《交涉人》第一章事件(三) 原文
尚也はビデオカメラの位置を確認してから、非常ベルの在りかを手で確かめた。ヘルメットを脱がないというだけで、その反応は過敏すぎるかもしれないが、他に根拠がなかったわけではない。男たちは店内に入ってから、一言も口を利いていなかったのだ。
三人の男たちがそれぞれにうなずいて、レジの前に集まった。革ジャンの男が三つのカゴをまとめて台に載せる。
尚也は頭をひとつ下げて、POSリーダーでバーコードを読み始めた。ポテトチップ、ガム、コンビーフの缶詰、チョコレート、菓子パン、サンドイッチ、おにぎり、アイスクリーム、ハム、タオル、割り箸、紙皿、キムチの漬物、ペットボトルの水が三本。
(そうだよなあ)
尚也は思った。
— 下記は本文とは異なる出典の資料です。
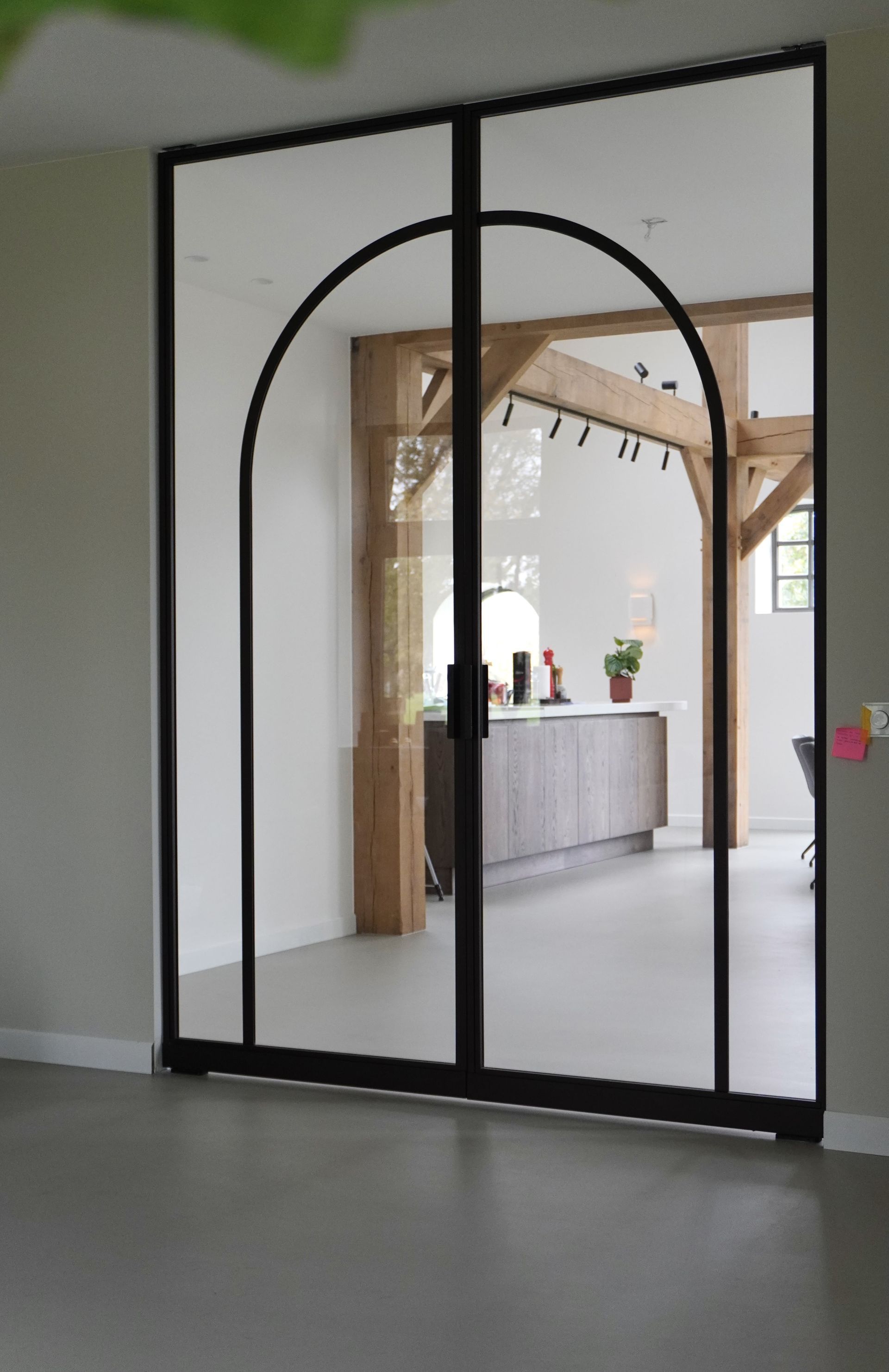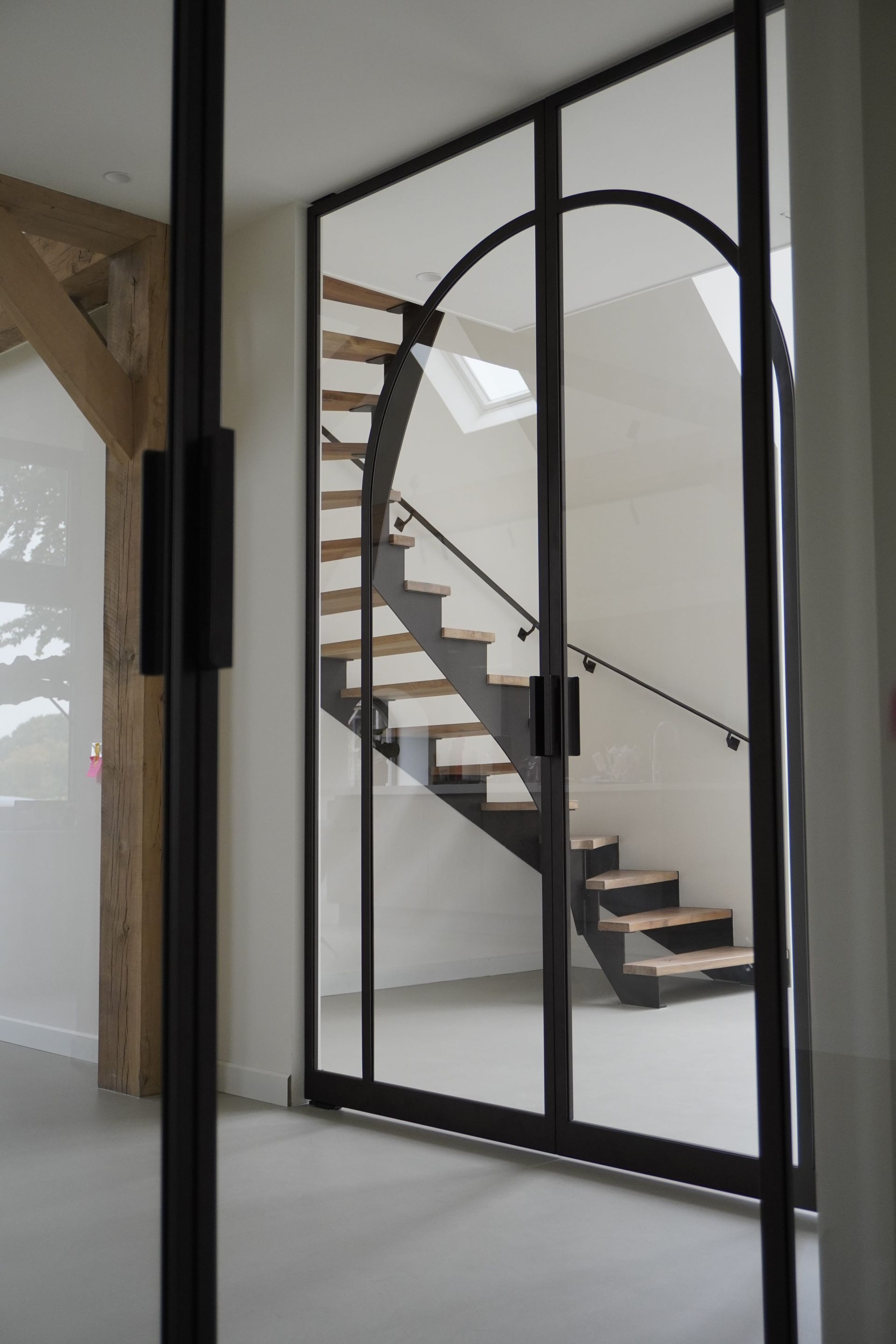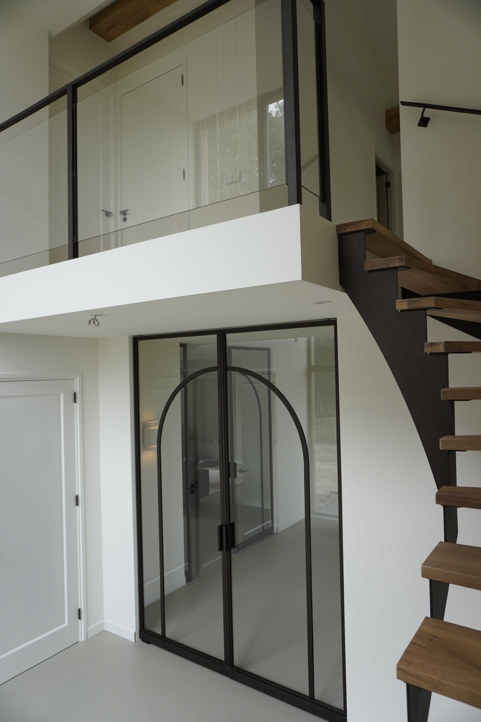 De trap wordt prachtig aangevuld met stalen taatsdeuren in dezelfde bronskleur, waarin elegante togen zijn verwerkt. Deze ronde vormen brengen zachtheid en karakter in het strakke lijnenspel van het staal, waardoor een harmonieus geheel ontstaat tussen modern design en klassieke elegantie.
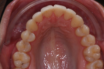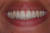 Ung kvinna som tidigare haft tandreglering. Upplever inte att tänderna står i en fin tandbåge. 11 månaders behandling med genomskinliga Invisalignskenor resulterade i ett fint leende.

単なる早とちりだったのかもしれない。カゴの中身はそれなりにまとまっている。今から三人の男の誰かの家で、夜通し酒でも飲むのだとしたら、おかしな買い物ではない。
(俺も気が弱いよな)
頬に笑みが浮かぶ。メットぐらいでびびっていたなんて。尚也はレジを打ち終えて、数字を声に出した。
「三千八百四十七円になります」
革ジャンがうなずいて、内ポケットからナイフを取り出した。ナイフ?
「金」
メットの奥でくぐもった声がした。案外、か細い声だった。
「はい?」
思わず聞き返した。ナイフがまっすぐ尚也に向けられている。
「金」
男が繰り返した。やっぱりそうなのか。そういうことなのか。こいつらは強盗で、この店を狙って、俺にナイフを突き付けて、もし言う通りにしなかったら俺に刺すということなのか。まさか、本当にこんなことが起きるなんて。
そこまで考えるのに一秒とかからなかった。一瞬辺りを見回したが、店内には誰もいなかった。誰も助けてはくれない。叫んだところで来てくれる人はいない。